:: SUPPLIED ENTRIES ::
──────

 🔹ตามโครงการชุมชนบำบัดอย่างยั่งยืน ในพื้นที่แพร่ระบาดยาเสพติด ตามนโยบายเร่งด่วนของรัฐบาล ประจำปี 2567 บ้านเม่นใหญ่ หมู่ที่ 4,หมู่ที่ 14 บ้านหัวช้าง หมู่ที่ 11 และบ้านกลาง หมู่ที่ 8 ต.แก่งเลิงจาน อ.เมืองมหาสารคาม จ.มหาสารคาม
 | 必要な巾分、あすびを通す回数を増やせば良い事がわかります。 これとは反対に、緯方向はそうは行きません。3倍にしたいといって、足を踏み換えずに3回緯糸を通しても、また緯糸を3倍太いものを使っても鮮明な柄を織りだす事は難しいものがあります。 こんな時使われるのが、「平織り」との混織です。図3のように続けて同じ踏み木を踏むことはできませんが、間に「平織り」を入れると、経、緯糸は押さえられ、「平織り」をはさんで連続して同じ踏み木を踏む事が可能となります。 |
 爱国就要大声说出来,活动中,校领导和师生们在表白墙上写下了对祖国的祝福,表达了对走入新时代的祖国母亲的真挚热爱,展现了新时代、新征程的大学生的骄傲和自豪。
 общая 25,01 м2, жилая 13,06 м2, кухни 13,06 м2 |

──────

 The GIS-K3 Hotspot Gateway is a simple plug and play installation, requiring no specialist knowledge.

──────

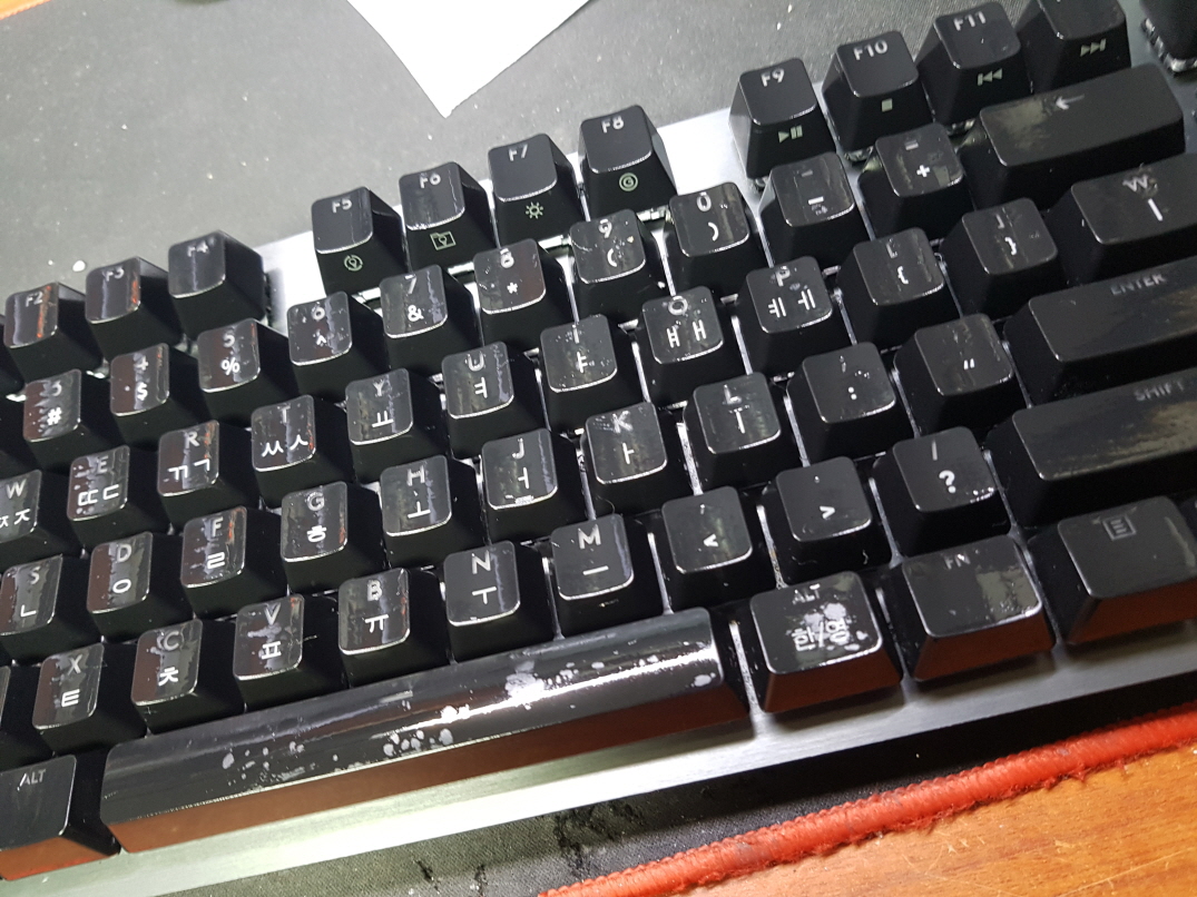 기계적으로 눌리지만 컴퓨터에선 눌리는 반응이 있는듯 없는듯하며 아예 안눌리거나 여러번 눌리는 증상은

──────

:: DIRECTIONS ::
There is a run of lines above from the one with "ต.แก่งเลิงจาน อ.เมืองมหาสารคาม จ.มหาสารคาม" to the one with "общая 25,01 м2, жилая"; print exactly that run, both ends included, and nothing else.

:: THE ANSWER ::
 🔹ตามโครงการชุมชนบำบัดอย่างยั่งยืน ในพื้นที่แพร่ระบาดยาเสพติด ตามนโยบายเร่งด่วนของรัฐบาล ประจำปี 2567 บ้านเม่นใหญ่ หมู่ที่ 4,หมู่ที่ 14 บ้านหัวช้าง หมู่ที่ 11 และบ้านกลาง หมู่ที่ 8 ต.แก่งเลิงจาน อ.เมืองมหาสารคาม จ.มหาสารคาม
 | 必要な巾分、あすびを通す回数を増やせば良い事がわかります。 これとは反対に、緯方向はそうは行きません。3倍にしたいといって、足を踏み換えずに3回緯糸を通しても、また緯糸を3倍太いものを使っても鮮明な柄を織りだす事は難しいものがあります。 こんな時使われるのが、「平織り」との混織です。図3のように続けて同じ踏み木を踏むことはできませんが、間に「平織り」を入れると、経、緯糸は押さえられ、「平織り」をはさんで連続して同じ踏み木を踏む事が可能となります。 |
 爱国就要大声说出来,活动中,校领导和师生们在表白墙上写下了对祖国的祝福,表达了对走入新时代的祖国母亲的真挚热爱,展现了新时代、新征程的大学生的骄傲和自豪。
 общая 25,01 м2, жилая 13,06 м2, кухни 13,06 м2 |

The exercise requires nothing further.